▶ _Data under study_
★ ★ ★ ★
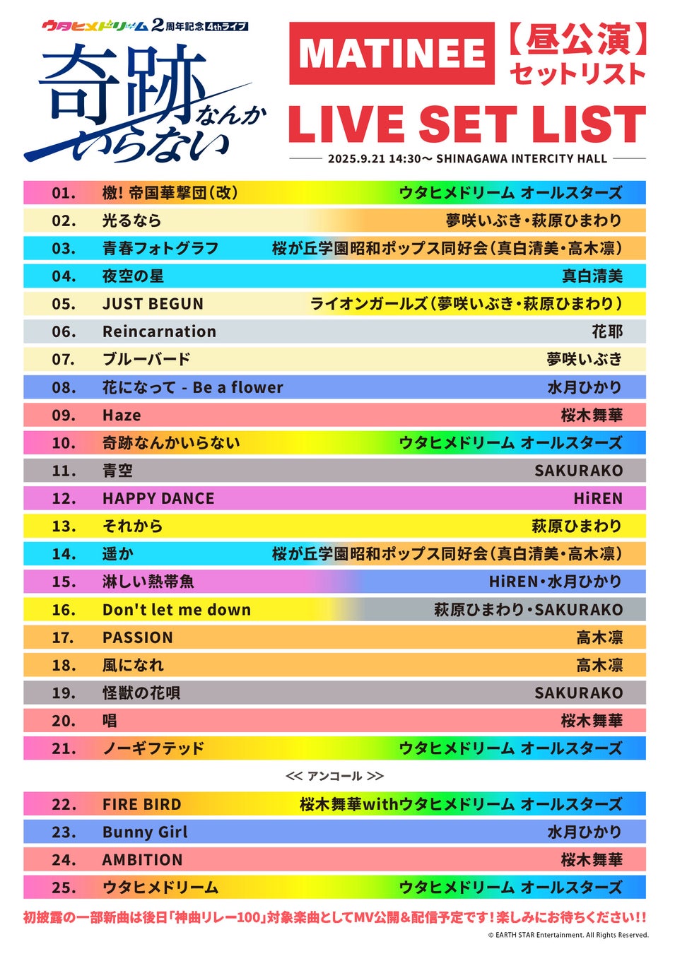 そして、10月よりTVアニメの放送がスタートする『無職の英雄 〜別にスキルなんか要らなかったんだが〜』とのタイアップを記念したスペシャルコーナーでは、ウタヒメドリーム オールスターズとして本作のエンディングテーマ「奇跡なんかいらない」で息の揃った渾身のステージを披露。
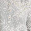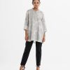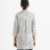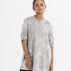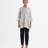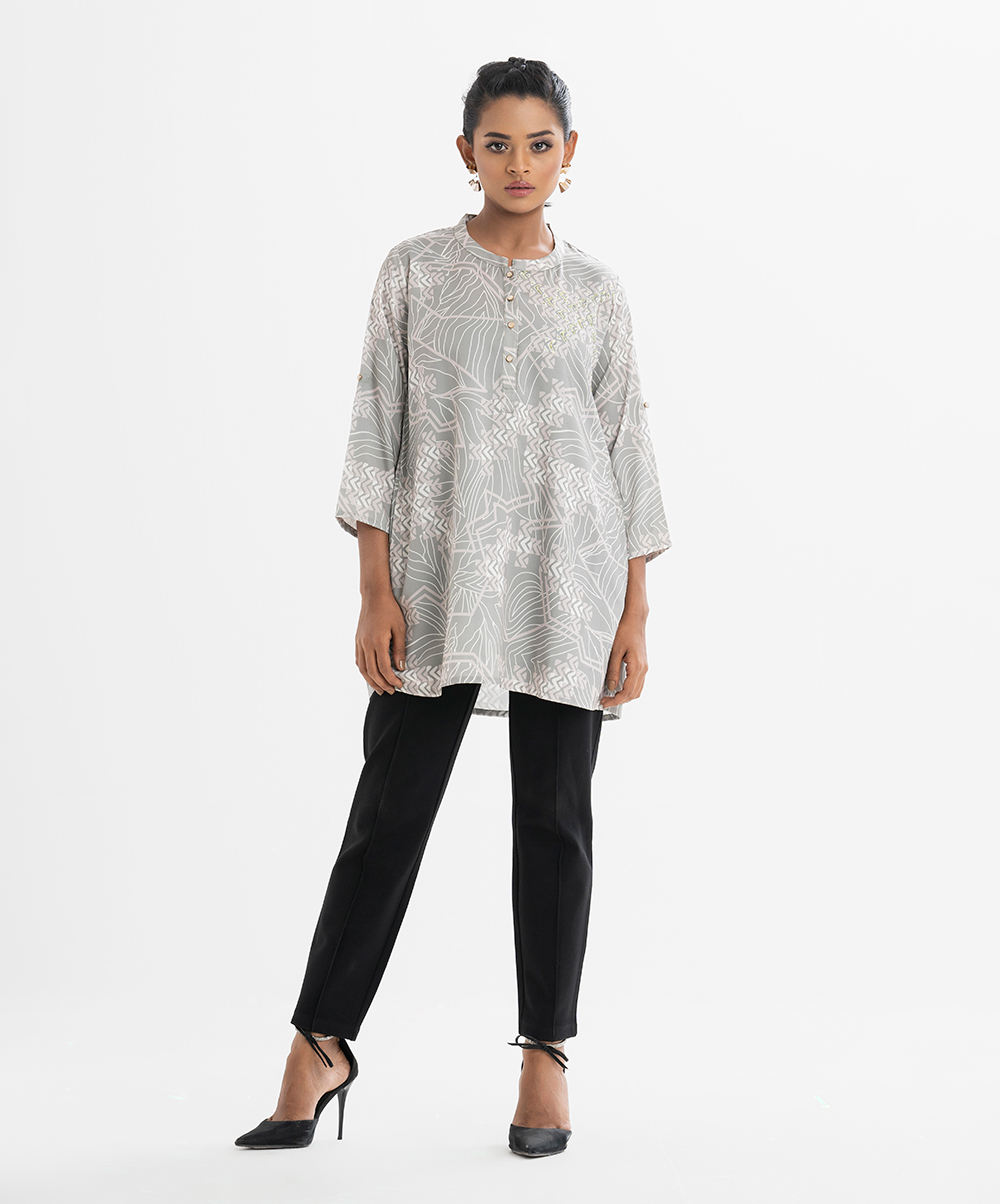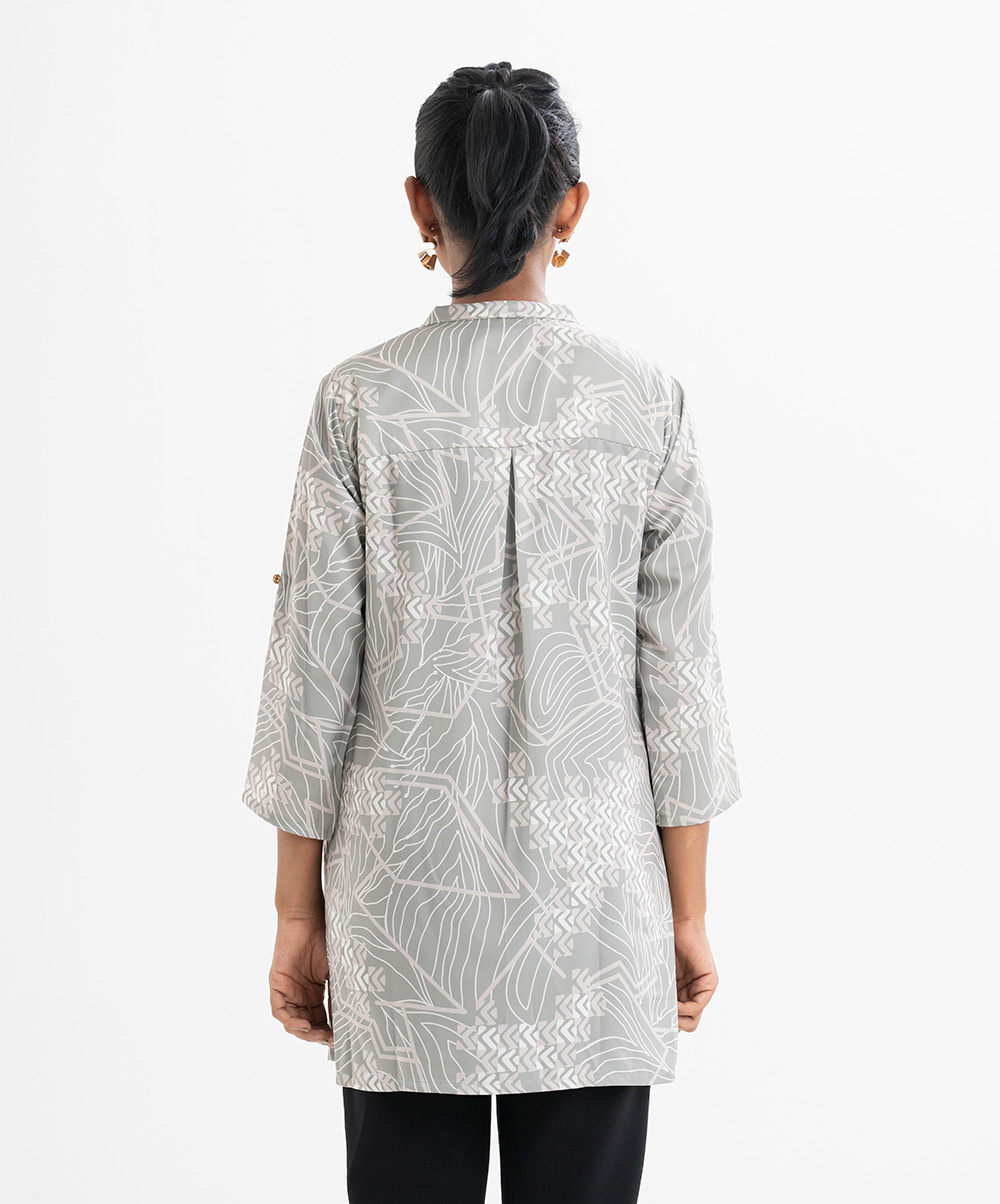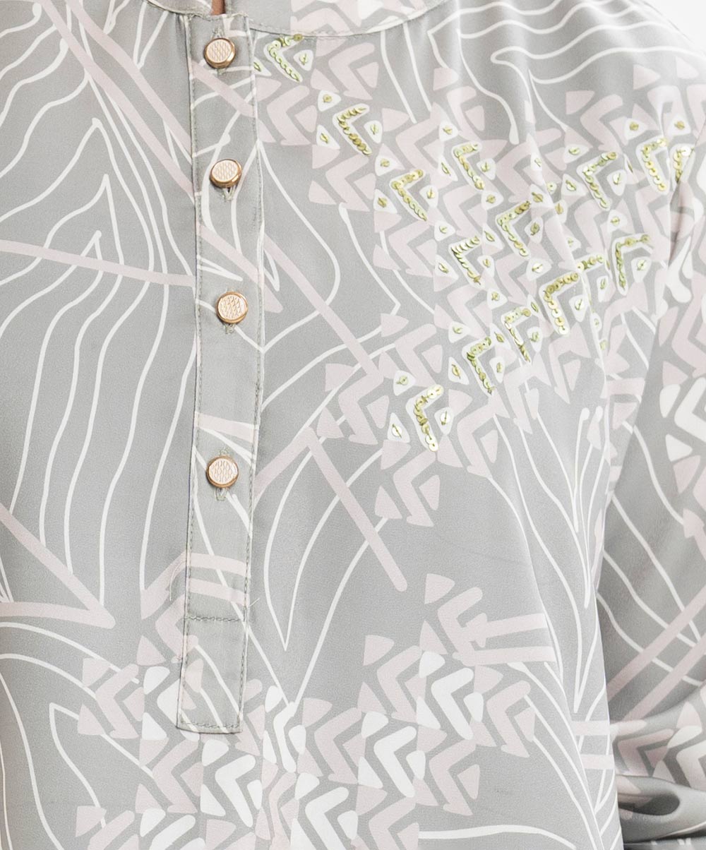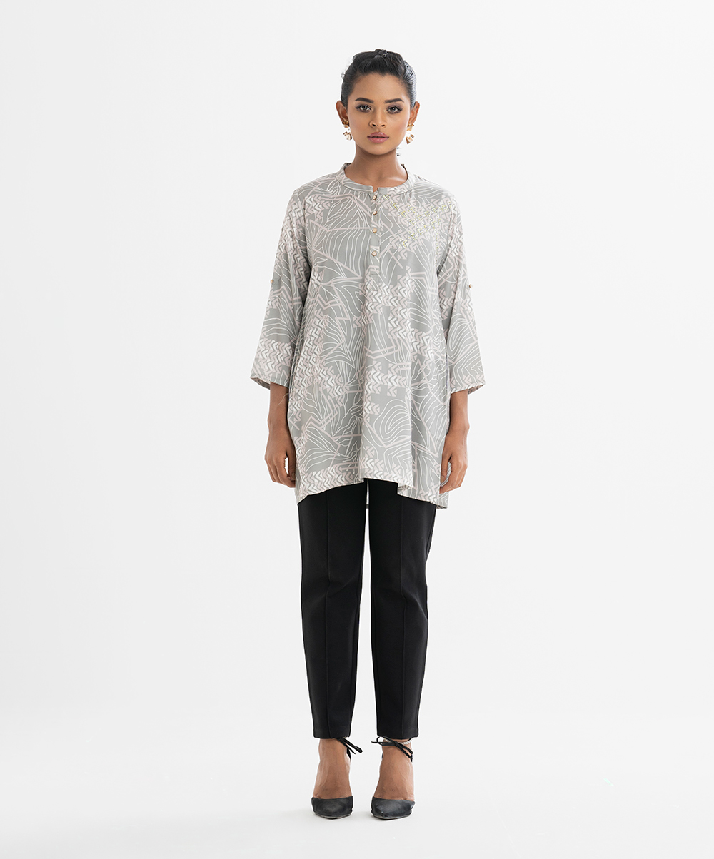 Women’s printed tent-style tunic in satin fabric. Stand collar, three-quarter sleeved. Button fastening and karchupi at the front.
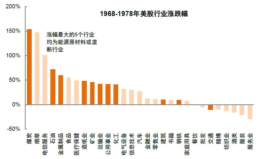 图表:整个滞胀期间,涨幅相对靠前的行业主要是能源和原材料以及部分垄断行业,中下游涨幅相对落后
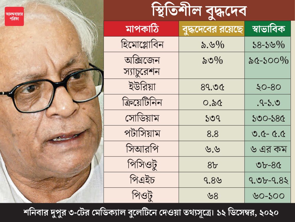 ভেন্টিলেশন থেকে বার করা হলেও আপাতত বুদ্ধবাবু বাইপ্যাপ সাপোর্টেই রয়েছেন। গ্রাফিক: শৌভিক দেবনাথ
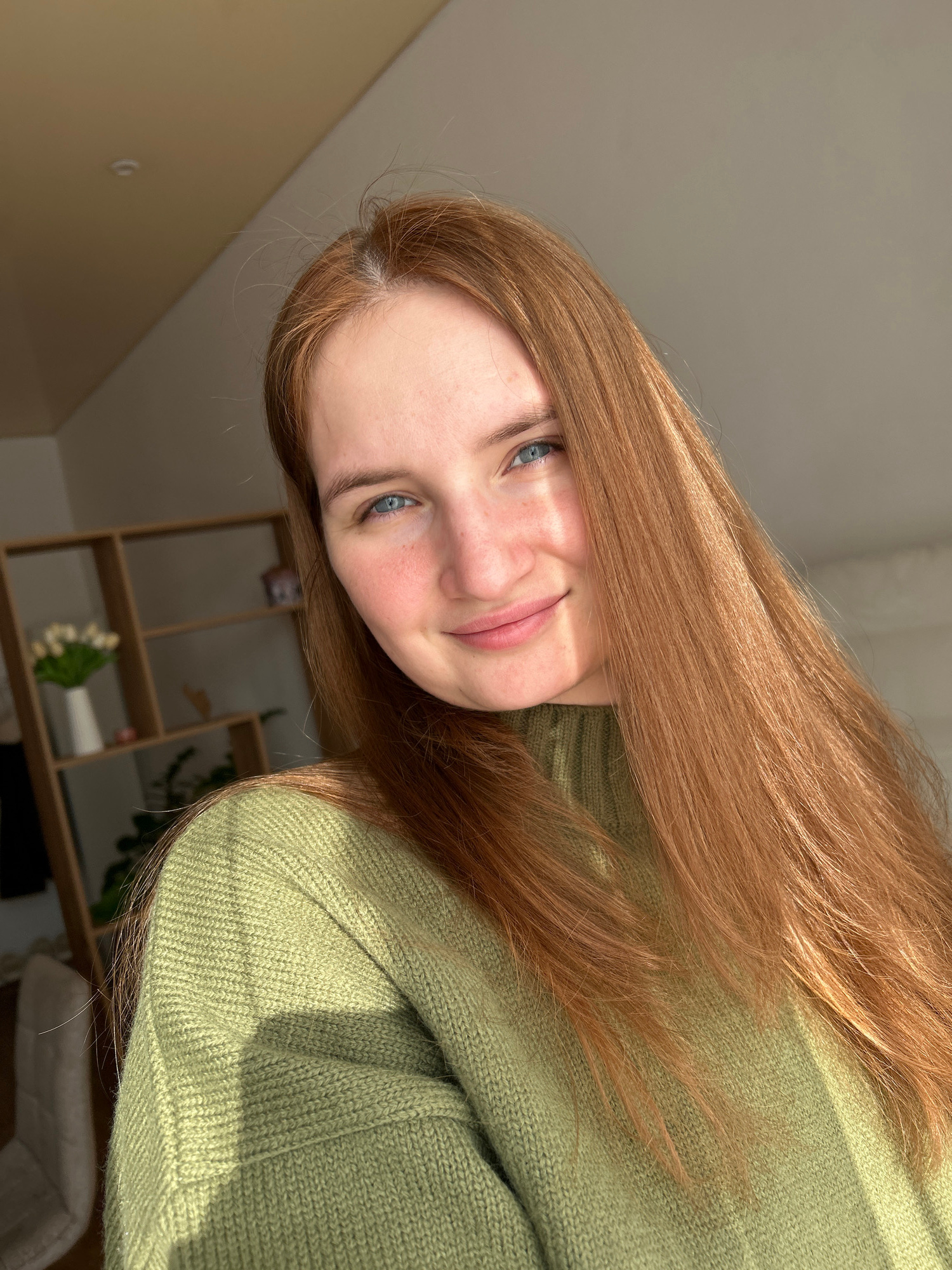 A young woman with long, reddish-brown hair and blue eyes is smiling. She is wearing a light green sweater. Behind her is a light-colored wall and a shelving unit with a vase of white flowers on one o…read more
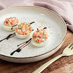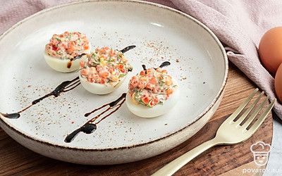 Полученную смесь выложите в готовые половинки яичного белка.
★ ★ ★ ★
When you reach the line that has "Women’s printed tent-style" in the data above, start repeating lines exactly, and stop after the line that has "ভেন্টিলেশন থেকে বার"; pictures stay out.

▶ _Answer area_
 Women’s printed tent-style tunic in satin fabric. Stand collar, three-quarter sleeved. Button fastening and karchupi at the front.
 图表:整个滞胀期间,涨幅相对靠前的行业主要是能源和原材料以及部分垄断行业,中下游涨幅相对落后
 ভেন্টিলেশন থেকে বার করা হলেও আপাতত বুদ্ধবাবু বাইপ্যাপ সাপোর্টেই রয়েছেন। গ্রাফিক: শৌভিক দেবনাথ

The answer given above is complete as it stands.